“Aku ingin mengenang malam indah ini bersama mba Andinah,” kata Jamirin.
Khas bahasa anak sekarang, “mbak” hanya ditulis “mba”. Salah tapi kaprah.
Lama-lama Andinah jengkel juga, karena WA-nya penuh dengan rayuan gombal.
Maka untuk pelajaran, WA ngajak kencan itu lalu disampaikan ke suami. Tentu saja Wahono marah pada pengirim WA.
Seperti Jember ini sudah kekurangan stok wanita, sampai-sampai bini orang pun ditaksirnya.
Agar tidak berlarut-larut, malam itu juga Wahono ke jembatan Sempolan yang dijanjikan Jamirin sebagai tempat pertemuan.
Ternyata benar anak muda itu sudah ada di motornya. Tapi begitu tahu yang datang justru suaminya, buruan Jamirin hendak kabur.
“Kacau, bagaimana urusannya, kok malah suaminya yang datang,” kata Jamiran sambil menstater motornya untuk kabur.
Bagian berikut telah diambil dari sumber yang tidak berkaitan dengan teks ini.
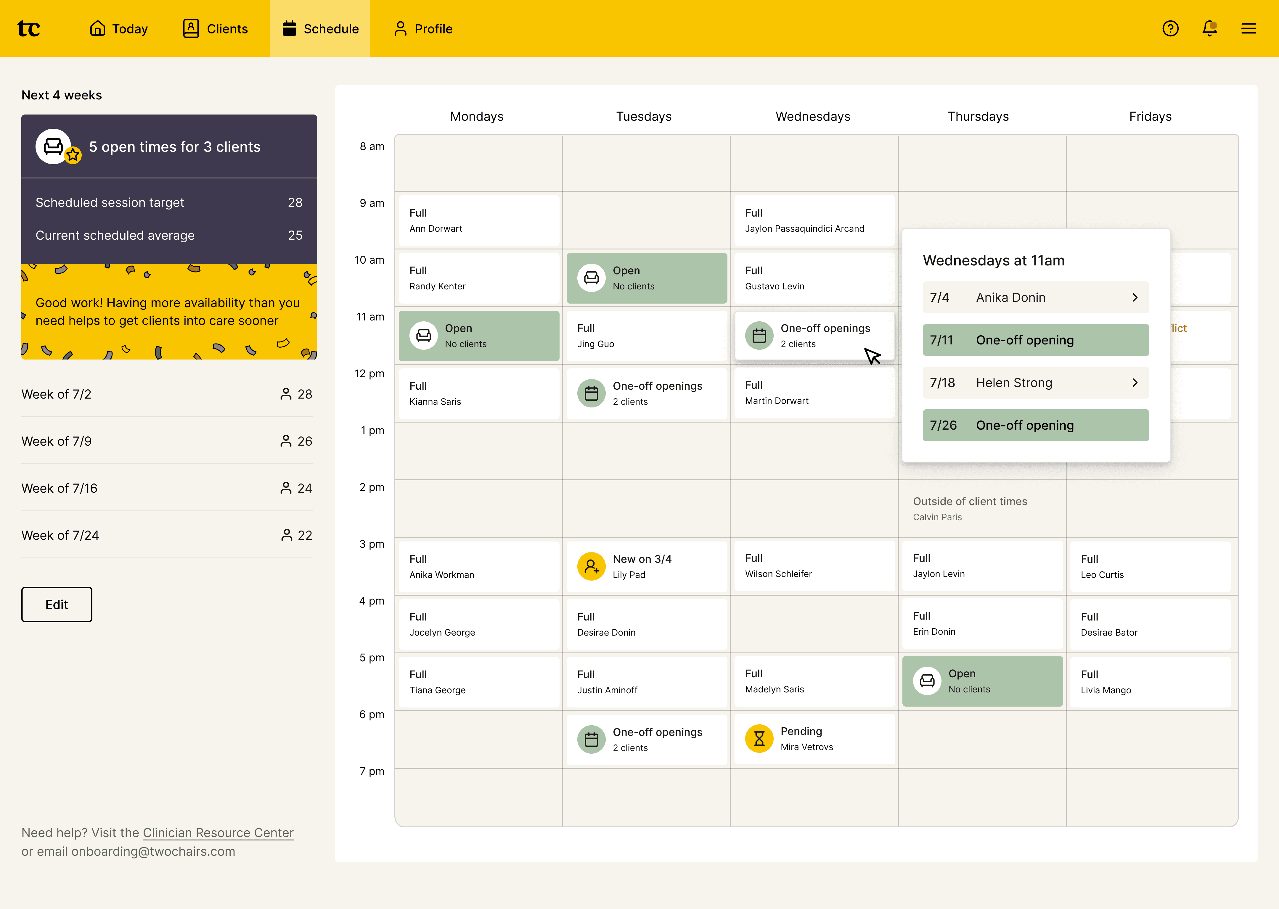 Easy to manage single source-of-truth - Client Scheduler is now the only place clinicians can change their long-term recurring availability, giving them complete transparency and control of their client schedules.

Sialnya, sepeda motor ketika distarter malah macet. Sambil memegangi stang motor Jamiran, Wahono mempertanyakan apa maksud WA-nya yang mengajak bertemu malam-malam di atas jembatan.
Apa mau jadi “Si Manis jembatan Sempolan”? Makin bingunglah Jamiran, sehingga akhirnya motor ditinggalkan dan kemudian......byurrrr dia terjun ke kali Kalisat di bawahnya yang beraliran deras dan keruh karena banjir.
Wahono pun segera malapor ke Polsek Silo, yang diteruskan ke Tim SAR. Malam itu juga diadakan pencarian, tapi belum ketemu juga.
Baru esok paginya Jamiran ditemukan dalam kondisi sudah meninggal, atau wafat menurut bahasa anak muda sekarang.